Restate word for word the lines below that run from the one holding "1月30日,《湖北日报》以《" through the one holding "Vous pouvez déplacer", inclusive. Pictures don't belong in the copy.
====== SOURCE DATA ======
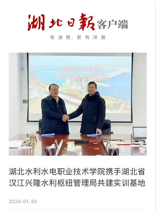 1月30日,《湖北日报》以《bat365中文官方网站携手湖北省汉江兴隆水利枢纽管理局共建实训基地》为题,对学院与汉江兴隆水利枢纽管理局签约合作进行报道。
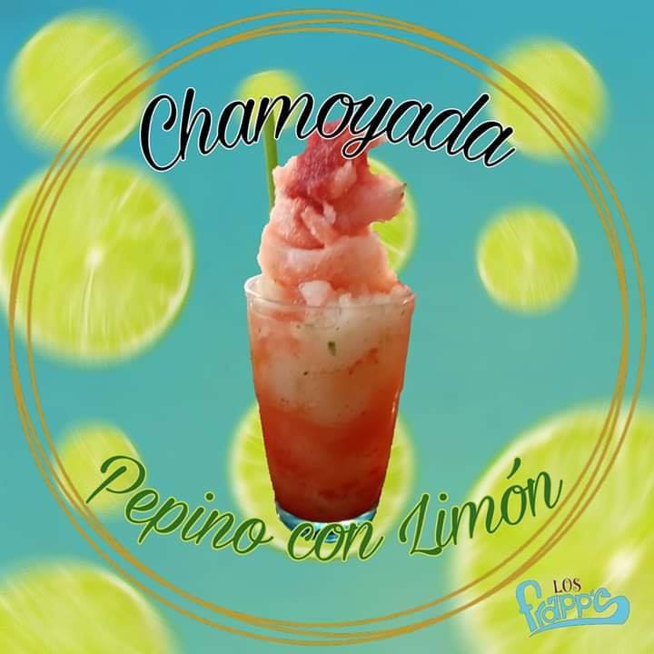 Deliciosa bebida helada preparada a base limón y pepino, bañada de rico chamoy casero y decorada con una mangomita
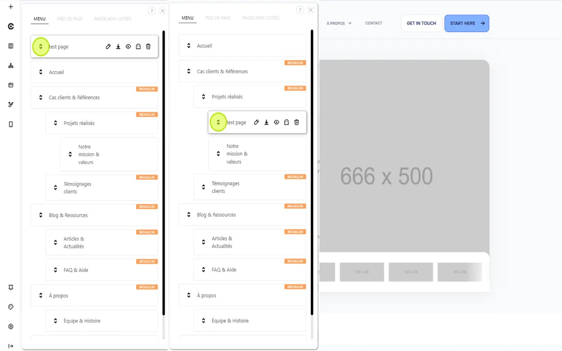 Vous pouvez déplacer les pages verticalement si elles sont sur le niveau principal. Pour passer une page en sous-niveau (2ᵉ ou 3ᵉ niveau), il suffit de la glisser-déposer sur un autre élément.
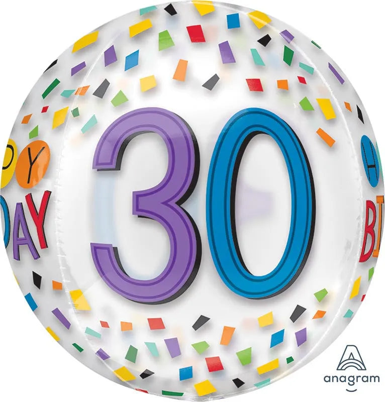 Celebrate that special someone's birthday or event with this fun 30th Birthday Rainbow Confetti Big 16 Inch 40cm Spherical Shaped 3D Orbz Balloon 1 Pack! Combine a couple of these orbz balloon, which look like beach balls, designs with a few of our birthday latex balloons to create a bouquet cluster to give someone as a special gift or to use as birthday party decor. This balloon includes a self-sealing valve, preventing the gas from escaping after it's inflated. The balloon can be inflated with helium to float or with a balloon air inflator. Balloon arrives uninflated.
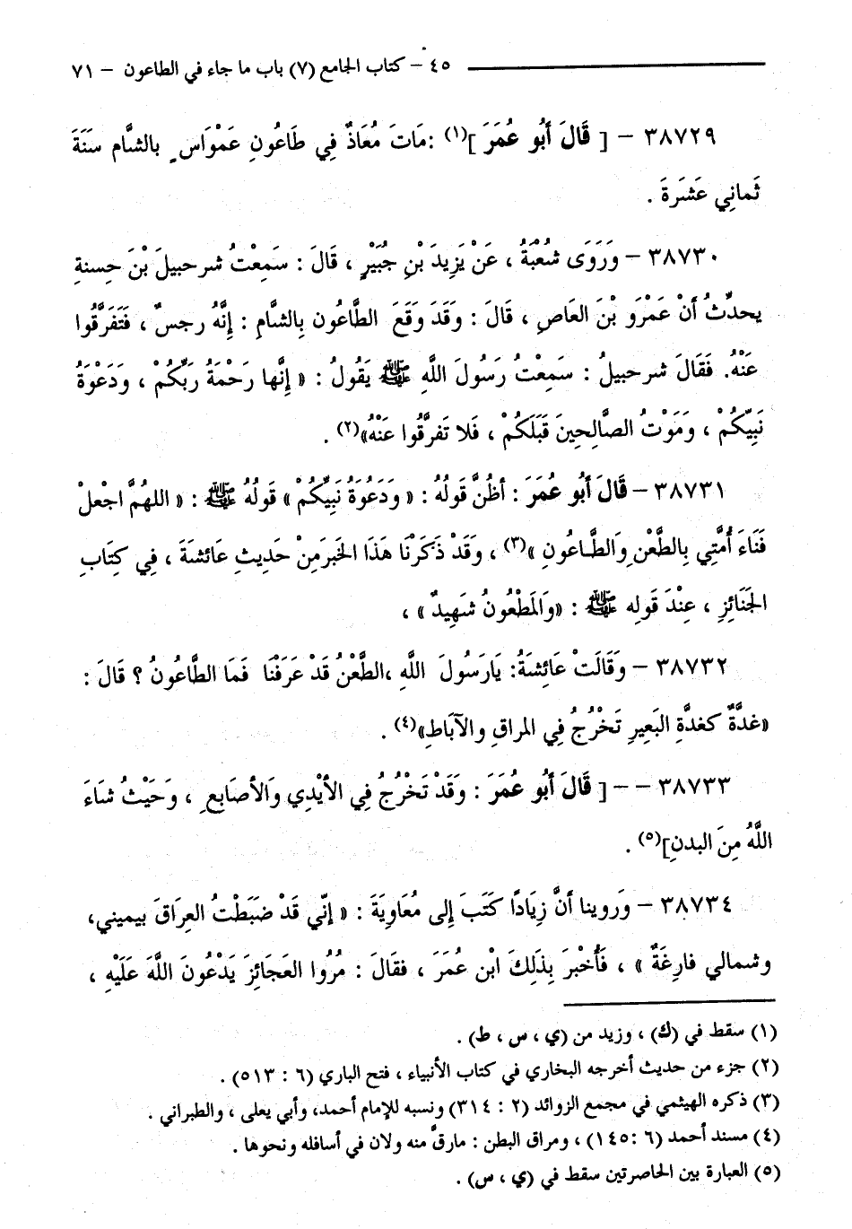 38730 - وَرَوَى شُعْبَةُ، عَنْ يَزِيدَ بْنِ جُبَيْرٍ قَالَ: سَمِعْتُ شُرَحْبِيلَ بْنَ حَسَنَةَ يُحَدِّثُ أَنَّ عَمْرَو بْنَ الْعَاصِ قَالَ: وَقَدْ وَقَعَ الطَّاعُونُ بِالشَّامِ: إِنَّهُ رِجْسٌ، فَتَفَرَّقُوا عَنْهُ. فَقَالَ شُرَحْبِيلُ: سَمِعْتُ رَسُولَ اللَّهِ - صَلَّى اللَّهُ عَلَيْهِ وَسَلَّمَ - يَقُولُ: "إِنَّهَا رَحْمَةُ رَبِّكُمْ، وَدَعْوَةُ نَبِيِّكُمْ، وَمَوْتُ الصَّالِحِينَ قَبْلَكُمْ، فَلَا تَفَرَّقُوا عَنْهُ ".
======
====== SOURCE DATA ======
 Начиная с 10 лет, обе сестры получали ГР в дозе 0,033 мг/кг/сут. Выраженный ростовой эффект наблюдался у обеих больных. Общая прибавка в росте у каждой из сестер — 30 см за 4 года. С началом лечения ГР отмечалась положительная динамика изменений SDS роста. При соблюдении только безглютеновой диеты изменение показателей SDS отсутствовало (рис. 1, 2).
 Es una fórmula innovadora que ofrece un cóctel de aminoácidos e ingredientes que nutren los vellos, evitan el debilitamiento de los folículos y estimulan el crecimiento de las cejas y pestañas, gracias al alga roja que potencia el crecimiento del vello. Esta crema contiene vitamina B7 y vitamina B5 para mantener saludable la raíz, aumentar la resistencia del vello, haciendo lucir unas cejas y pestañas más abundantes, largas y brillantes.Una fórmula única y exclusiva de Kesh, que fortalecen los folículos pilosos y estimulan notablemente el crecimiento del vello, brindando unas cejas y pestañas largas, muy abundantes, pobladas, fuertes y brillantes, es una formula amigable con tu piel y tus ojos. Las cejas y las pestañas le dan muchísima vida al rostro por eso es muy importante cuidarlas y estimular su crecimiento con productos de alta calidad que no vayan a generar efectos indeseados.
======
====== SOURCE DATA ======
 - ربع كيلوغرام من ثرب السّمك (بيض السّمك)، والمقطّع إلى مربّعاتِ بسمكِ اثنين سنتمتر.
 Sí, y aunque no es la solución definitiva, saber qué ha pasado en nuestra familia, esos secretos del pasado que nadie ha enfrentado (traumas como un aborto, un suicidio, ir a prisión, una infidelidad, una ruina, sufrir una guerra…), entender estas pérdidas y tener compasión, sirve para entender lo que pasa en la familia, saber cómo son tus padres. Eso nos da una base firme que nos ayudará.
======
- **EXERCISE RESPONSE**:
 1月30日,《湖北日报》以《bat365中文官方网站携手湖北省汉江兴隆水利枢纽管理局共建实训基地》为题,对学院与汉江兴隆水利枢纽管理局签约合作进行报道。
 Deliciosa bebida helada preparada a base limón y pepino, bañada de rico chamoy casero y decorada con una mangomita
 Vous pouvez déplacer les pages verticalement si elles sont sur le niveau principal. Pour passer une page en sous-niveau (2ᵉ ou 3ᵉ niveau), il suffit de la glisser-déposer sur un autre élément.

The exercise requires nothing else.